■ Exercise goal ■
Transcribe nothing but the lines from the one with "济南市长清区长清湖实验学校4" to the end of the entries, both included, keeping each exact and leaving every picture out.

(Dataset entries)
----
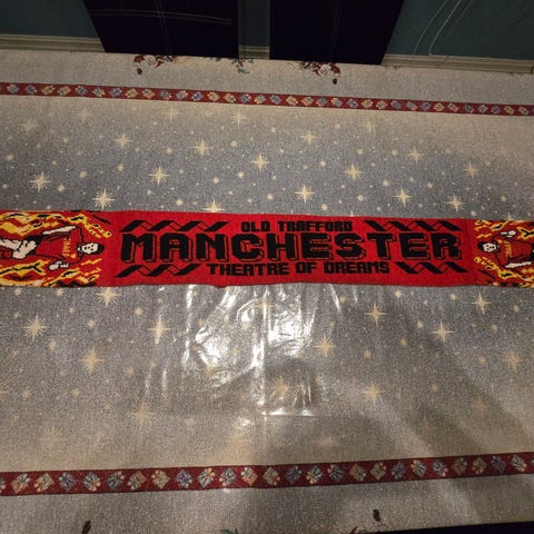 Rosenborg B.K.-supporterskjerf i svart og hvitt med logo og tekst. Usikker på årstall anslår ca. 1998–2008
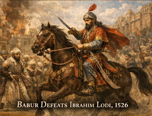 In 1526, Babur defeated Ibrahim Lodi in the First Battle of Panipat, ending the Delhi Sultanate and establishing the Mughal Empire, which would rule India for the next several centuries.
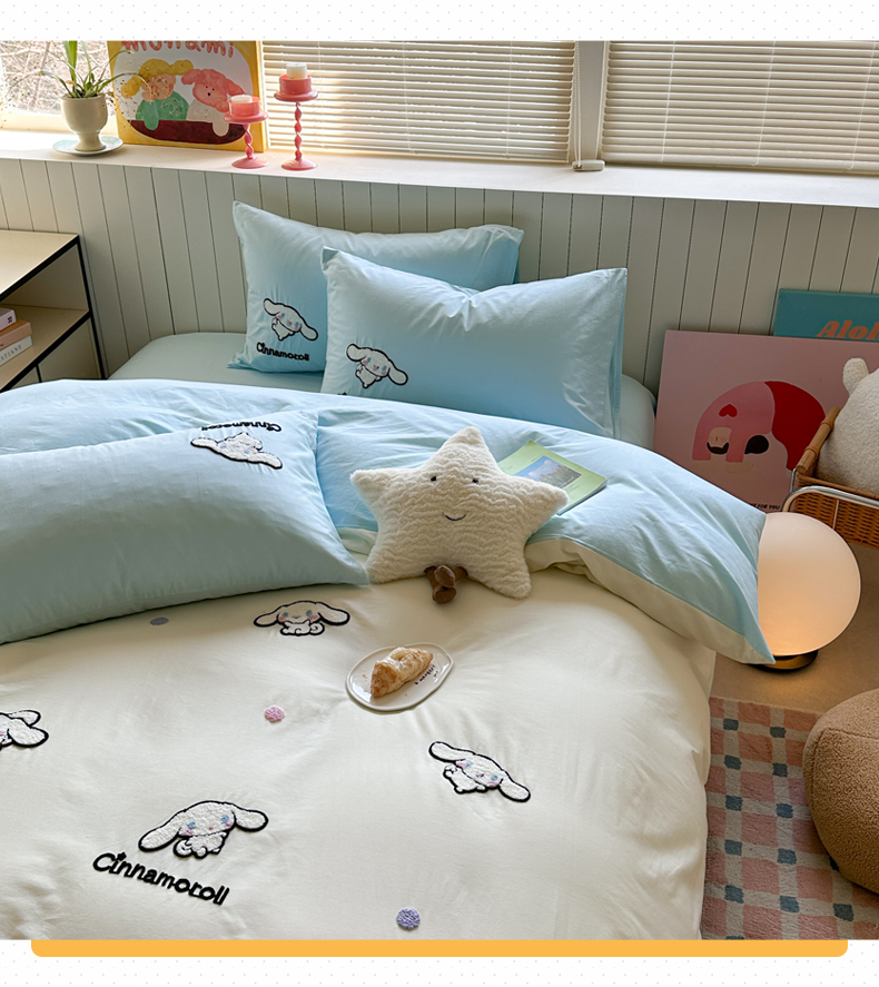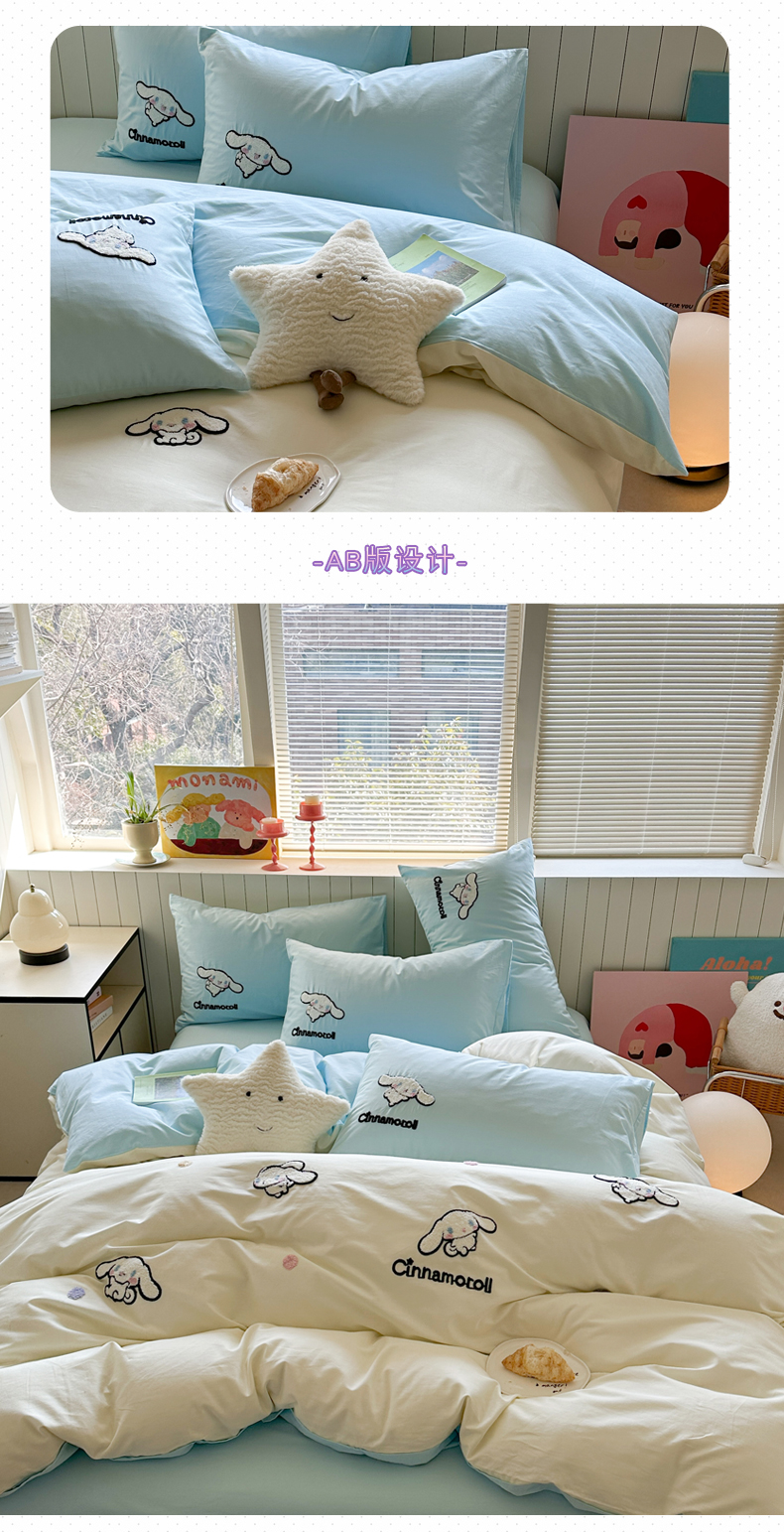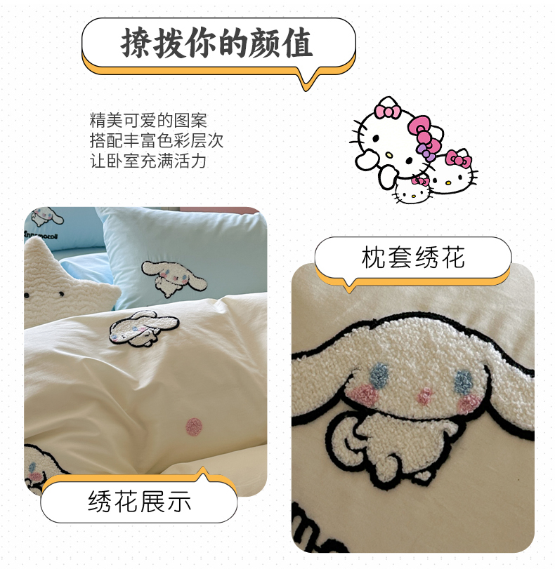 (总)金爱家 2025新款A类三丽鸥正版授权云柔水洗棉兔毛贴布绣刺绣软糯系列四件套,云柔水洗棉-贴布绣粉格KT,云柔水洗棉-贴布绣蓝格布丁狗,云柔水洗棉-贴布绣蓝格KT,云柔水洗棉-贴布绣美乐蒂,云柔水洗棉-贴布绣萌萌布丁狗,云柔水洗棉-贴布绣你好大耳狗,云柔水洗棉-贴布绣紫格库洛米
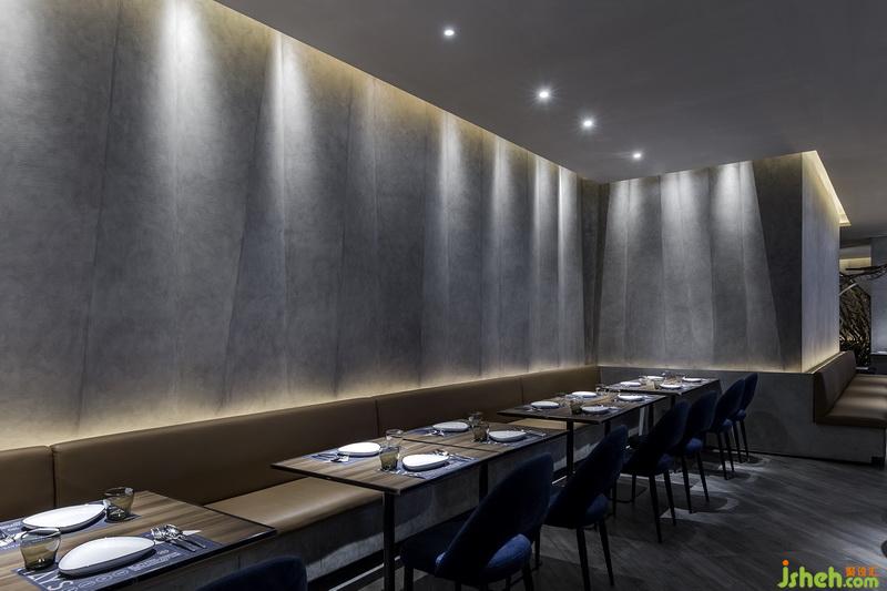 在半封閉的包房之中,在共享式長餐桌之上,設(shè)計師以數(shù)百盞光纖燈打破空間原有的框架,自高空此起彼落地垂吊而下,構(gòu)成了室內(nèi)空間中獨有的無垠森林,讓光影錯綜與自然林景的輪廓結(jié)合,交織出自然神秘的用餐氛圍。
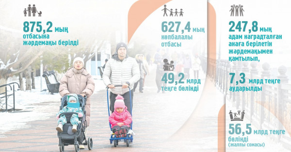 Көпбалалы отбасылар жәрдемақысы 627,4 мың отбасына (49,2 млрд теңге) берілсе, марапатталған анаға берілетін жәрдемақымен 247,8 мың адам қамтылып, бұған 7,3 млрд теңге аударылды.
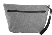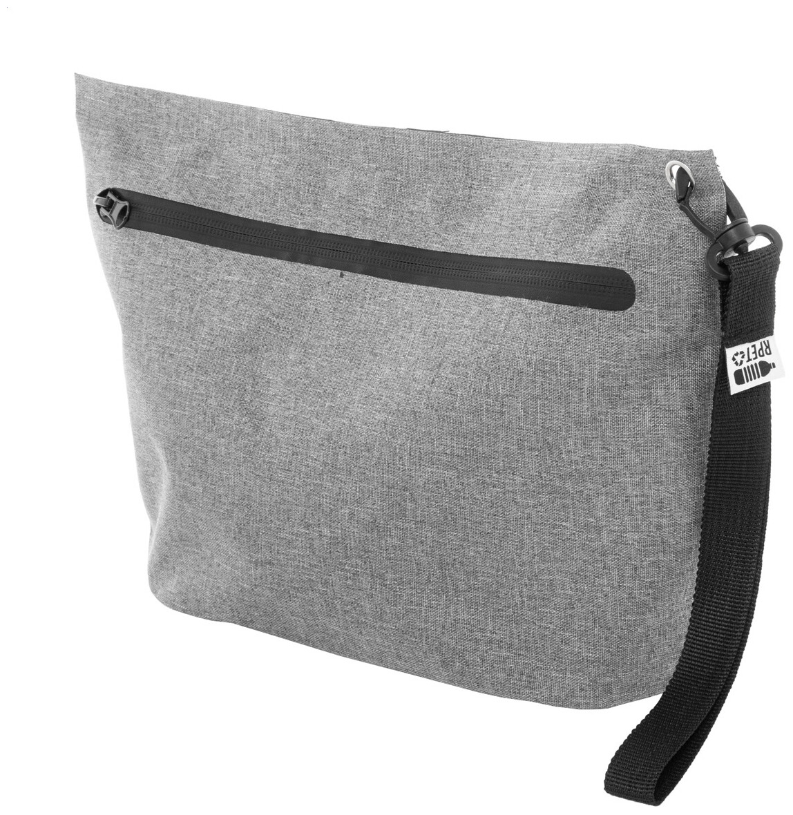 Vodotěsná kosmetická taštička na zip z 300D RPET polyesteru s karabinou na zápěstí. S výrazným štítkem RPET.
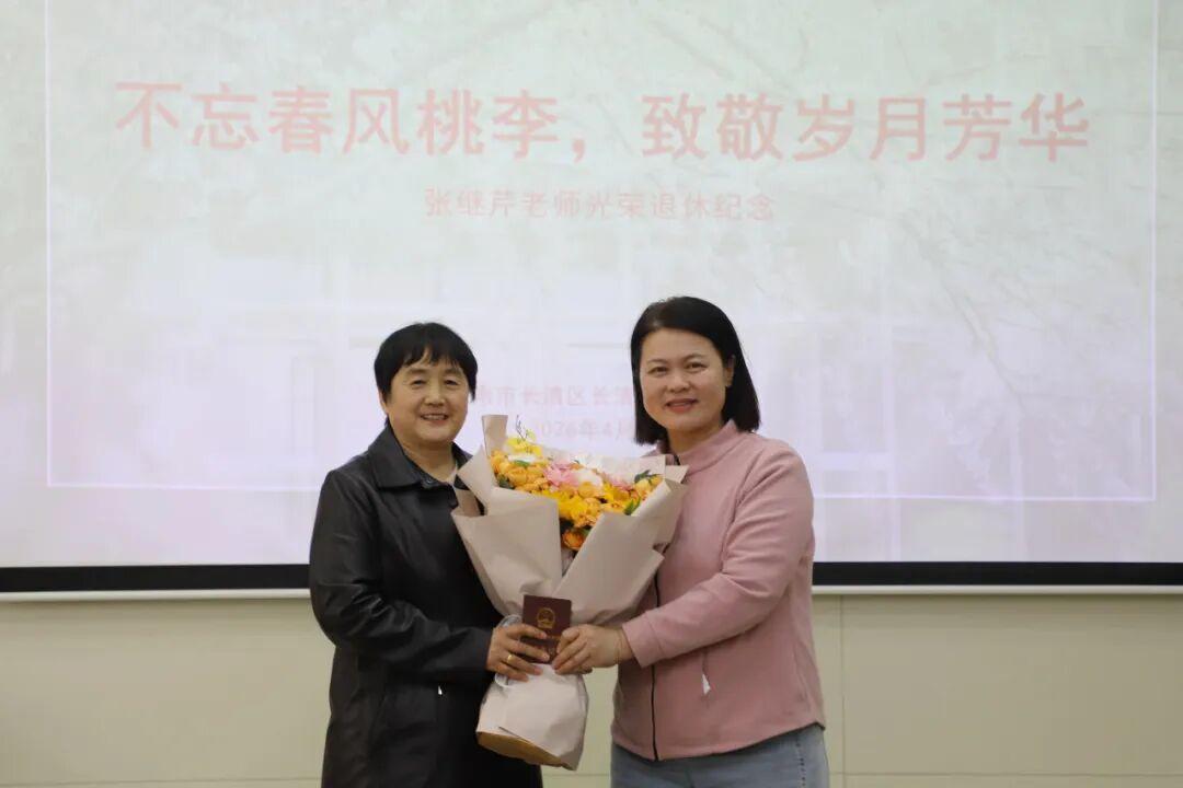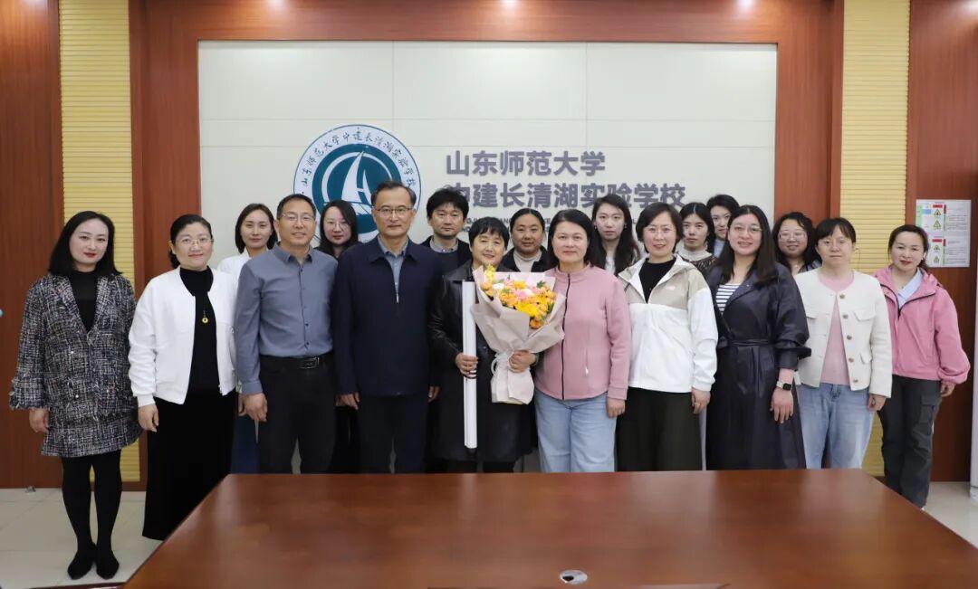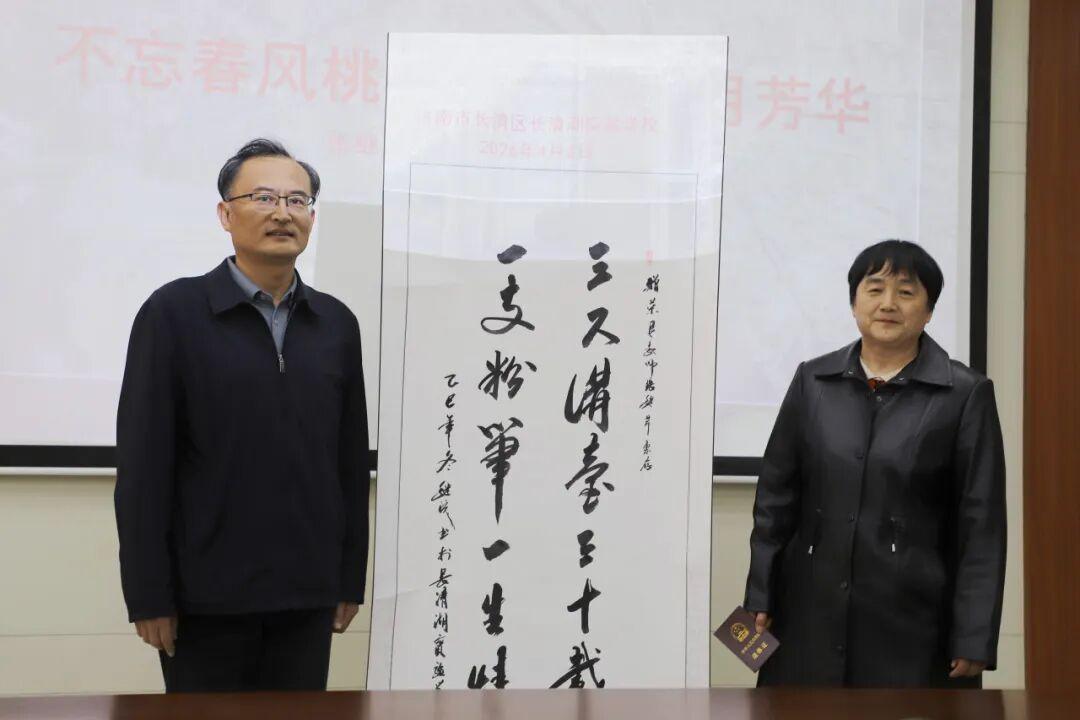 济南市长清区长清湖实验学校4月3日为张继芹老师举行荣休欢送仪式,小学部副校长孙洪艳致辞,校长徐君讲话并与副校长、小学部校长李国瑞为张老师送上饱含敬意的鲜花与精心准备的纪念书法作品。
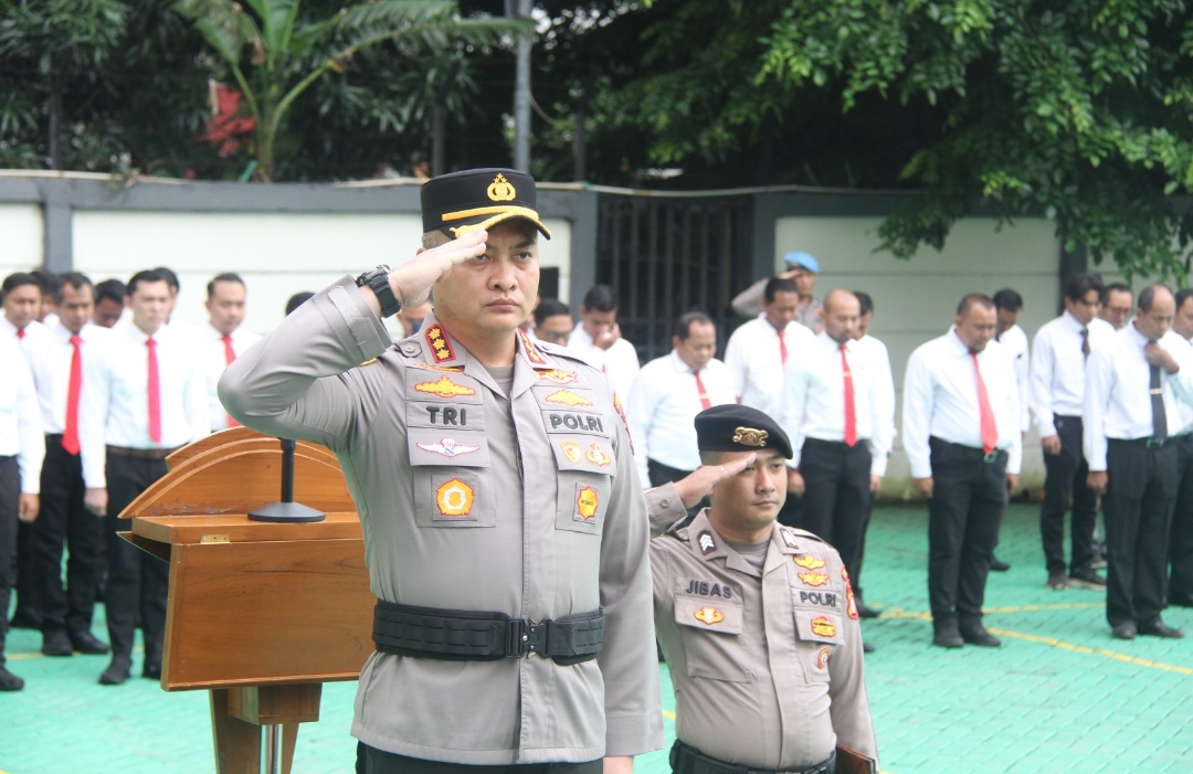 Wakapolres Metro Jakarta Barat Kombes Pol Dr. Tri Suhartanto, SH, MH, M.Si., Ph.D. bertindak sebagai inspektur upacara dan memimpin langsung kegiatan.
----
■ Response to the task ■
 济南市长清区长清湖实验学校4月3日为张继芹老师举行荣休欢送仪式,小学部副校长孙洪艳致辞,校长徐君讲话并与副校长、小学部校长李国瑞为张老师送上饱含敬意的鲜花与精心准备的纪念书法作品。
 Wakapolres Metro Jakarta Barat Kombes Pol Dr. Tri Suhartanto, SH, MH, M.Si., Ph.D. bertindak sebagai inspektur upacara dan memimpin langsung kegiatan.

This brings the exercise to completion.